In addition to Lubos Motl's correct answer, I would like to make a few comments related to Norton's dome:
First a brief derivation of Norton's equation of motion (7). I prefer to call the (non-negative) arc length $r$ for $s$, and the vertical height $-h$ for $z$. Like Lubos Motl, I will introduce a proportionality factor $K$ for dimensional reasons, so that the equation for Norton's dome reads
$$ z~=~-\frac{2K}{3g}s^{3/2}. \tag{1}$$
Here the constant $(g/K)^2$ has dimension of length.
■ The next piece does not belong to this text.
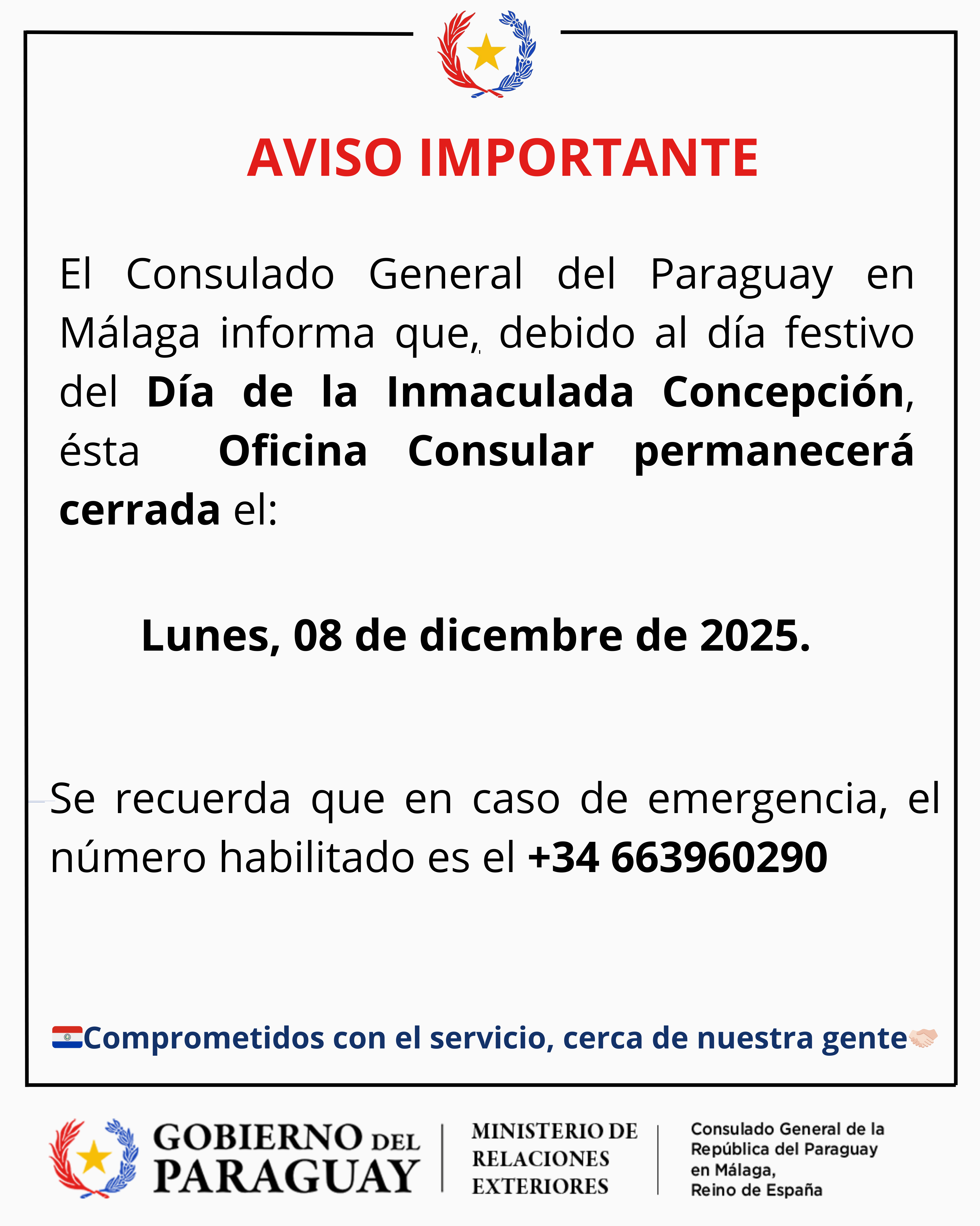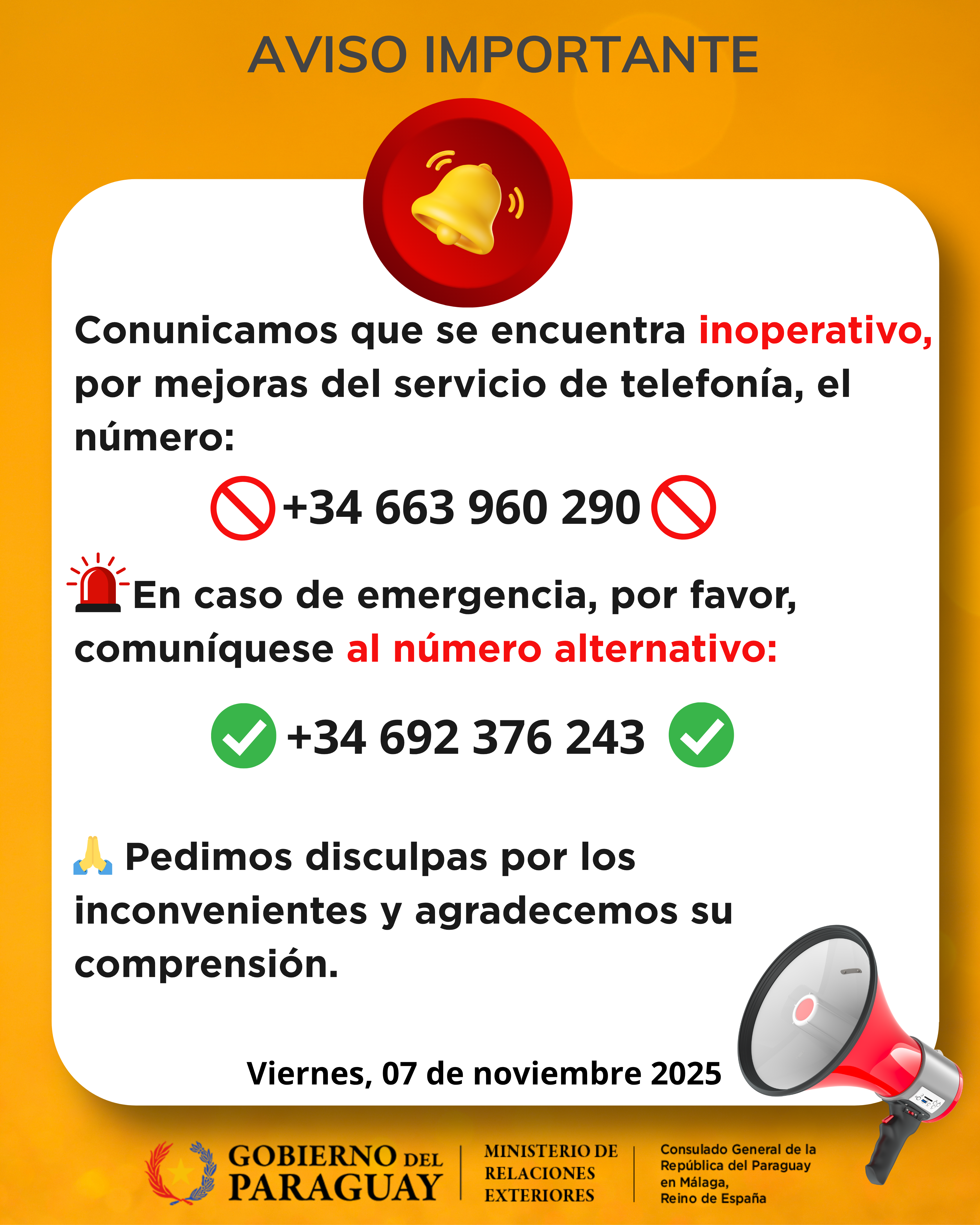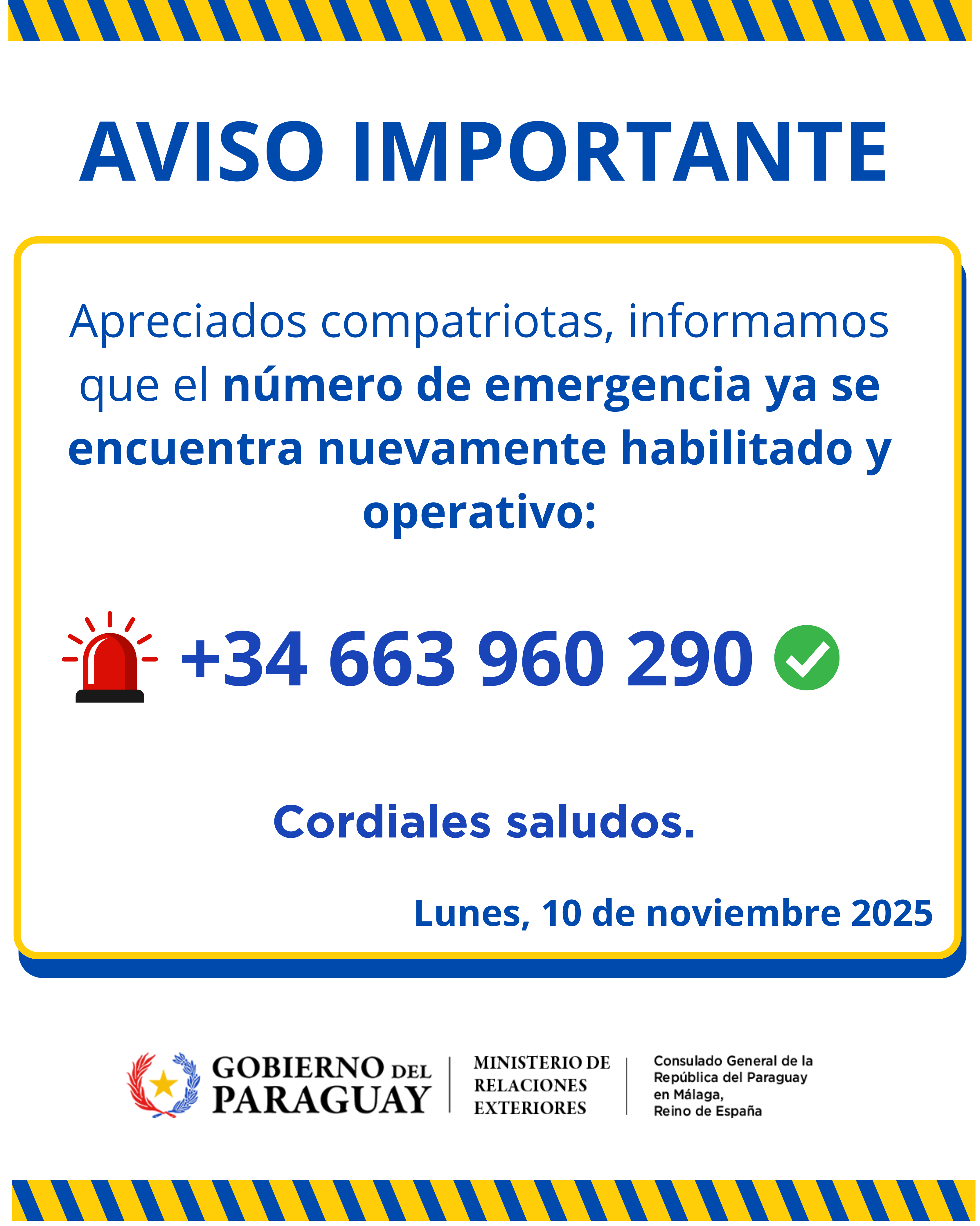 El número de emergencias está habilitado exclusivamente para situaciones de extrema urgencia, como fallecimientos, accidentes graves, víctimas de delitos o detenciones. No se brindará información de carácter general a través de esta línea. Este servicio está reservado únicamente para ciudadanos paraguayos que residan en Andalucía, Región de Murcia, Ceuta y Melilla y que se encuentren en una situación de emergencia real.

Equation (1) is only supposed to be valid for sufficiently small (but finite) arc lengths $s\geq 0$. Since there is no friction, we have mechanical energy conservation$^1$
$$ 0~=~\frac{E}{m}~=~\frac{\dot{s}^2}{2}+gz.\tag{2}$$
In the first equality of (2), we used the initial conditions
$$ s(t\!=\!0)~=~0, \qquad \dot{s}(t\!=\!0)~=~0.\tag{3}$$
We assume that $t\mapsto s(t)$ is twice differentiable wrt. time $t\geq 0$. (In detail, at the initial time $t=0$ we assume that the function is one-sided twice differentiable from right.) Differentiation of eq. (2) wrt. time $t$ leads to
$$ \dot{s}\ddot{s}~\stackrel{(2)}{=}~-g\dot{z}.\tag{4}$$
Division on both sides of eq. (4) with $\dot{s}$ yields$^2$
$$ \ddot{s}~\stackrel{(4)}{=}~-g\frac{\dot{z}}{\dot{s}}~=~-g\frac{dz}{ds}~\stackrel{(1)}{=}~K\sqrt{s}~.\tag{5}$$
Equation (5) is the sought-for equation of motion. Alternatively, combining eqs. (1) and (2) yield the following first-order ODE
$$\dot{s} ~\stackrel{(1)+(2)}{=}~\sqrt{\frac{4K}{3}} s^{\frac{3}{4}}. \tag{6}$$
Norton's initial value problem (IVP) is
$$
\begin{align} \ddot{s}(t)~=~&K\sqrt{s(t)}, \cr
s(t\!=\!0)~=~&0, \cr
\dot{s}(t\!=\!0)~=~&0, \cr
t~\geq~&0.
\end{align}\tag{7}
$$
The IVP (7) has two solution branches$^3$
$$s(t) ~=~\frac{K^2}{144}t^4\qquad\text{and}\qquad s(t) ~=~0~, \tag{8} $$
as can be easily checked. The failure to have local uniqueness of the ODE (7), which leads to indeterminism of the classical system, can from a mathematical perspective be traced to that the square root $\sqrt{s}$ in eq. (7) fails to be Lipschitz continuous at $s=0$.
Alternatively, from mechanical energy conservation (6), one can consider the IVP
$$\begin{align} \dot{s}(t) ~=~&\sqrt{\frac{4K}{3}} s(t)^{\frac{3}{4}}, \cr s(t\!=\!0)~=~&0,\cr t~\geq~&0.\end{align}\tag{9}$$
Not surprisingly, the IVP (9) has the same two solution branches (8), and thus also demonstrates failure to have local uniqueness.
$^1$ I imagine that the point particle is sliding with no friction. (The rolling ball in Norton's figure is slightly misleading and presumably only for illustrative purposes.). A more complete derivation would check that the point particle doesn't loose contact with the doom. If one would like to avoid such an analysis, one may for simplicity assume that the dome is a two-sided constraint.
$^2$ Division with $\dot{s}$ is only valid if $\dot{s}\neq 0$. Now recall that the mechanical energy $E=0$ is zero. If $\dot{s}=0$ then $z=0$ and hence $s=0$ must be zero, cf. eqs. (1) and (2). Hence the division-by-zero issue is limited to the tip of the dome. Ultimately, it turns out that the $\dot{s}=0$ branch does not lead to new solutions not already included in eq. (8), nor alters Norton's IVP (7).
$^3$ For each solution $s$, which is defined for non-negative times $t\geq 0$, let us for convenience extend in a trivially fashion $s(t<0):=0$ for negative times $t<0$. Then if we time-translated a solution $t\mapsto s(t)$ into the future, we get another solution $t\mapsto s(t-T)$ for some moduli parameter $T\geq 0$. Therefore strictly speaking, the first branch in eq. (8) generates a 1-parameter solution with a moduli parameter $T\geq 0$. So in fact, the IVP (7) has infinitely many solutions! Note that the second trivial solution branch (8) can be viewed as the $T\to \infty$ moduli limit of the first solution branch (8).